RAW DATA:
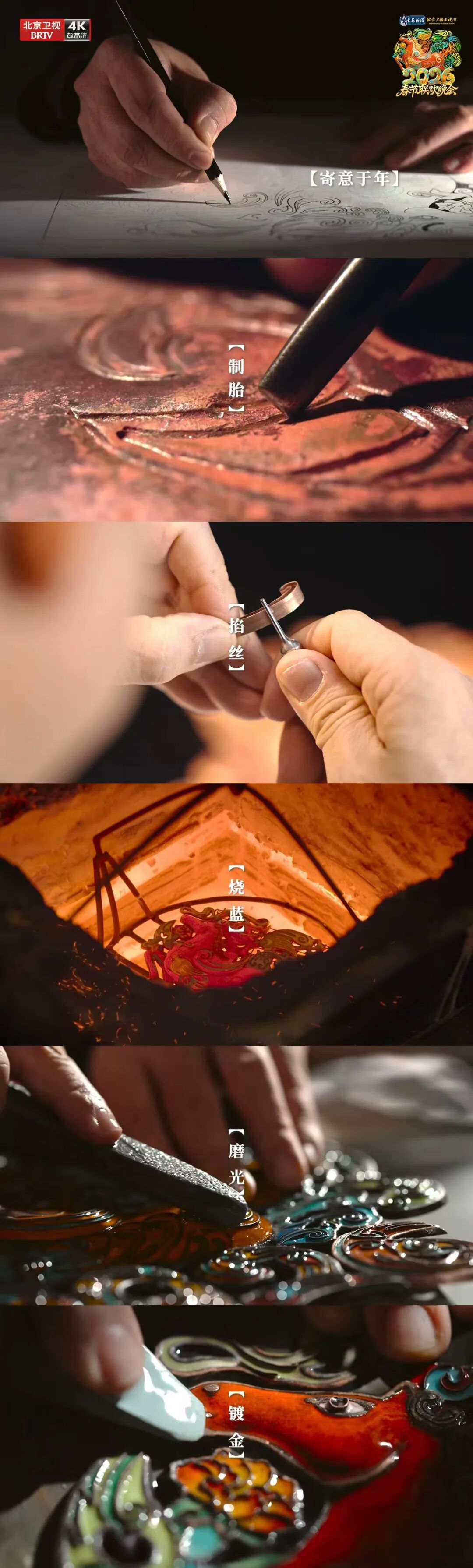 今年春晚的LOGO背后,承载的是一部“非遗工艺的微缩史诗”。它生动复现了“燕京八绝”之一——铜胎掐丝珐琅的完整精妙工序:从锻打铜胎为骨,到金丝掐作经脉;从釉彩点蓝为肌,到窑火反复淬炼其魂;最终经打磨鎏金,一匹骏马终于在时光与匠心的交融中,披覆流光,跃然而出。
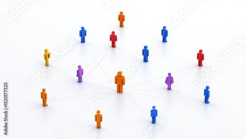 Colorful figures of people interconnected by lines create visual representation of teamwork, networking. Central figure stands out among many individuals leadership, connection. Illustration shows
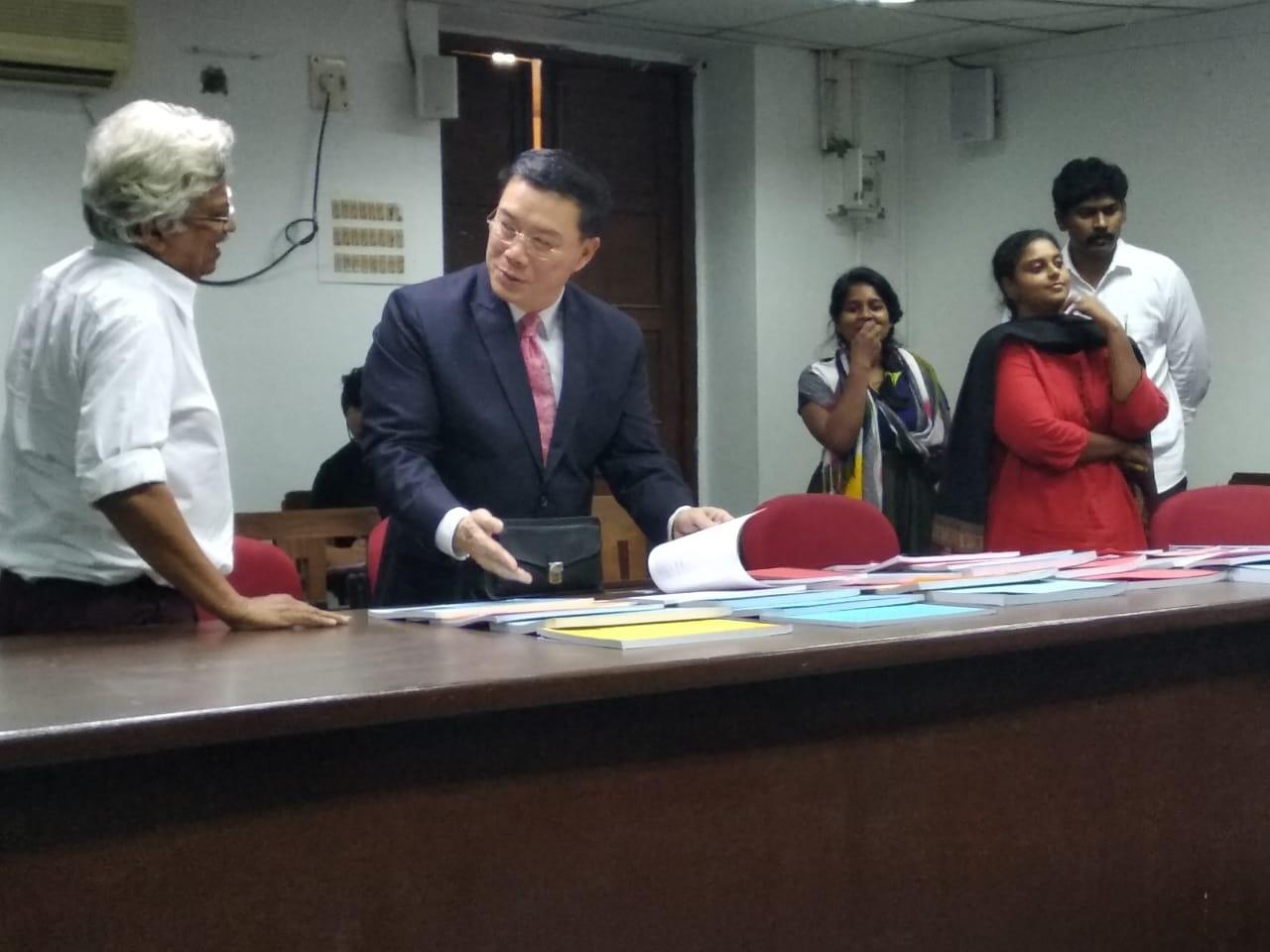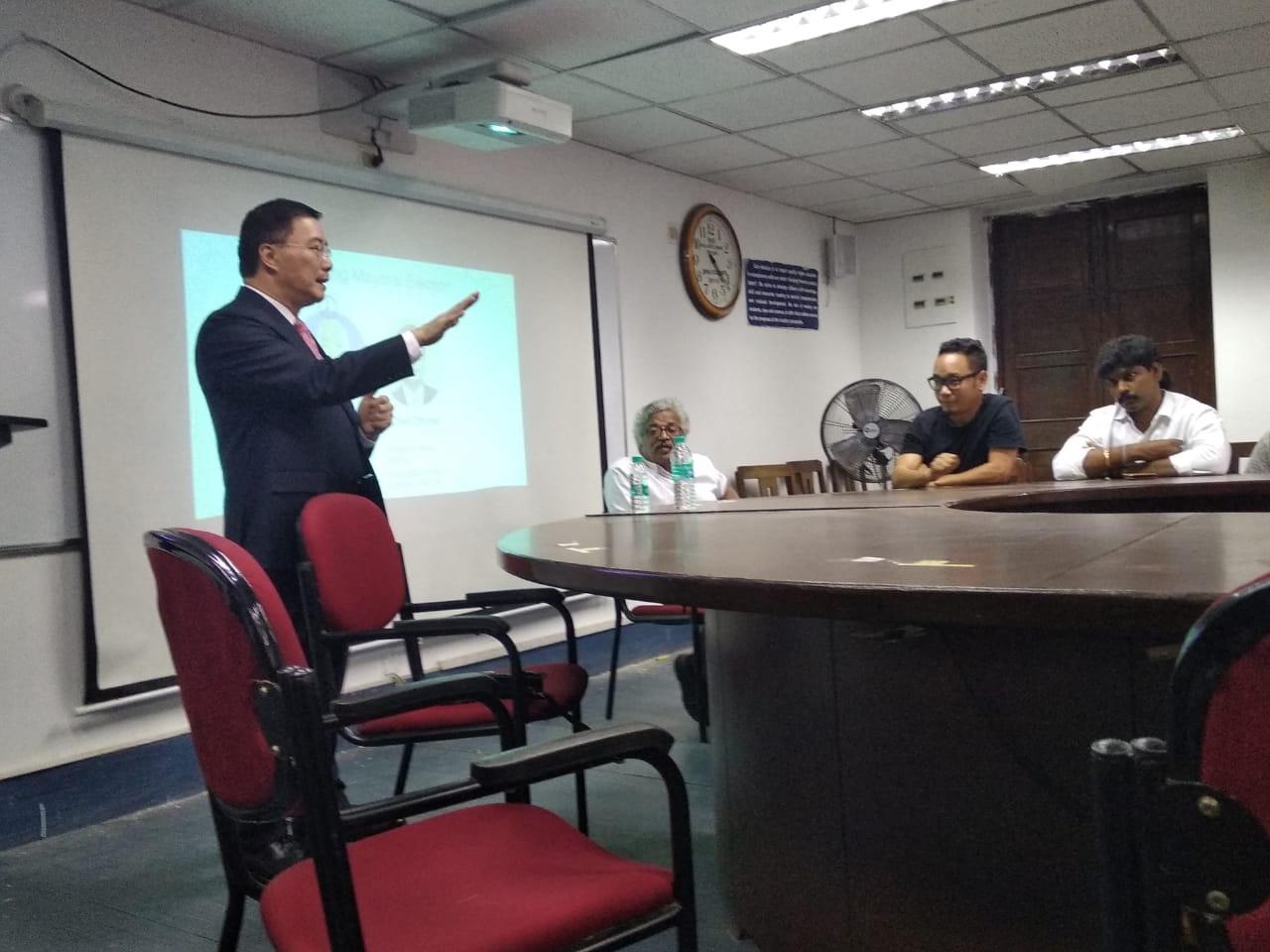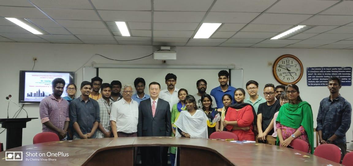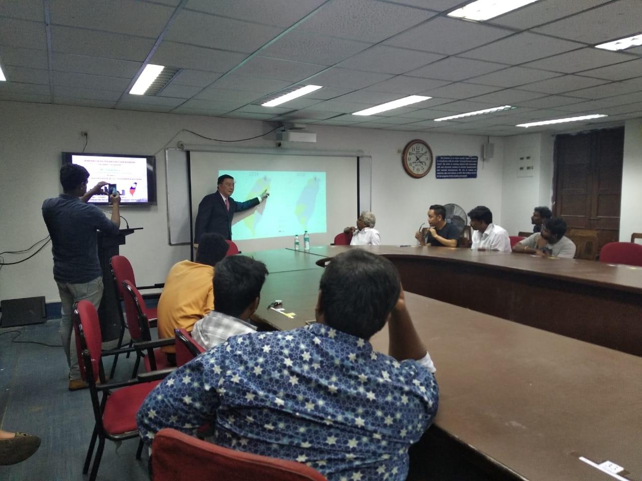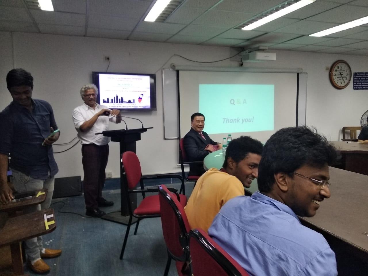 駐清奈辦事處李朝成處長12月12日下午應馬德拉斯大學(University of Madras)政治暨公共行政系(Department of Politics and Public Administration)系主任安沐(Professor Ramu Manivannan)之邀,就11月24日臺灣舉行九合一選舉之意涵發表演說,並答覆現場教授、博、碩士生之詢問,氣氛熱烈。

ASSIGNMENT: Pictures should not appear; only the lines from the start of the listing above to the line containing "Colorful figures of", both ends included, are to be repeated exactly.

YOUR SOLUTION:
 今年春晚的LOGO背后,承载的是一部“非遗工艺的微缩史诗”。它生动复现了“燕京八绝”之一——铜胎掐丝珐琅的完整精妙工序:从锻打铜胎为骨,到金丝掐作经脉;从釉彩点蓝为肌,到窑火反复淬炼其魂;最终经打磨鎏金,一匹骏马终于在时光与匠心的交融中,披覆流光,跃然而出。
 Colorful figures of people interconnected by lines create visual representation of teamwork, networking. Central figure stands out among many individuals leadership, connection. Illustration shows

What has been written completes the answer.